When a single DPAA2 port leaves a bond that itself is a bridge port,
dpaa2_switch_port_pre_bridge_leave(netdev) is called unconditionally,
regardless of whether other DPAA2 ports still remain in the same bond.

Inside dpaa2_switch_port_pre_bridge_leave(), the bridge port being
unoffloaded is computed by dpaa2_switch_port_to_bridge_port(), which
now returns the bond:

lag = rtnl_dereference(port_priv->lag);
if (lag)
return lag->bond_dev;
return port_priv->netdev;

So switchdev_bridge_port_unoffload(bond_dev, NULL, NULL, NULL) is
issued for every leaving member. Since the matching join path also
calls switchdev_bridge_port_offload(bond_dev, netdev, NULL, ...) per
member with the same brport_dev and a NULL ctx, the bridge layer has
no per-port handle either.

When the first of several bonded DPAA2 ports leaves, this dispatches
SWITCHDEV_BRPORT_UNOFFLOADED for the bond while the remaining members
still rely on the bond being offloaded.

Should the unoffload only happen when the last DPAA2 port leaves the
bond, similar to how lan966x tracks per-port bridge offload state?

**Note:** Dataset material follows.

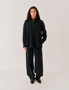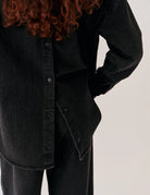 Effortlessly modern. The Merrit Oversized Shirt is cut in stretch denim with a relaxed fit and subtle back button detail—designed to pair perfectly with the matching Barrel Pants.
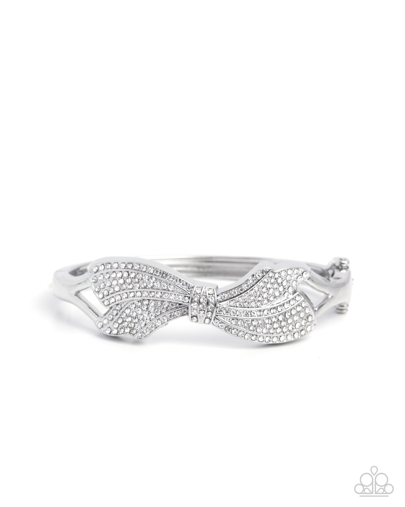 Dusted in white rhinestones, ribbons of silver curl into an oversized, airy silver bow that glitters at the center of a glistening silver cuff for a touch of class and refinement. Features a hinged closure.

No, switchdev_bridge_port_offload() and
switchdev_bridge_port_unoffload() can be called multiple times for the
same bridge port, see nbp_switchdev_add():

/* Tolerate drivers that call switchdev_bridge_port_offload()
* more than once for the same bridge port, such as when the
* bridge port is an offloaded bonding/team interface.
*/
p->offload_count++;

The ctx parameter being NULL in this patch does not have any effect on
the offload_count shown above. A proper ctx parameter is provided in the
next patch when we add support for FDBs on bond devices.

Ioana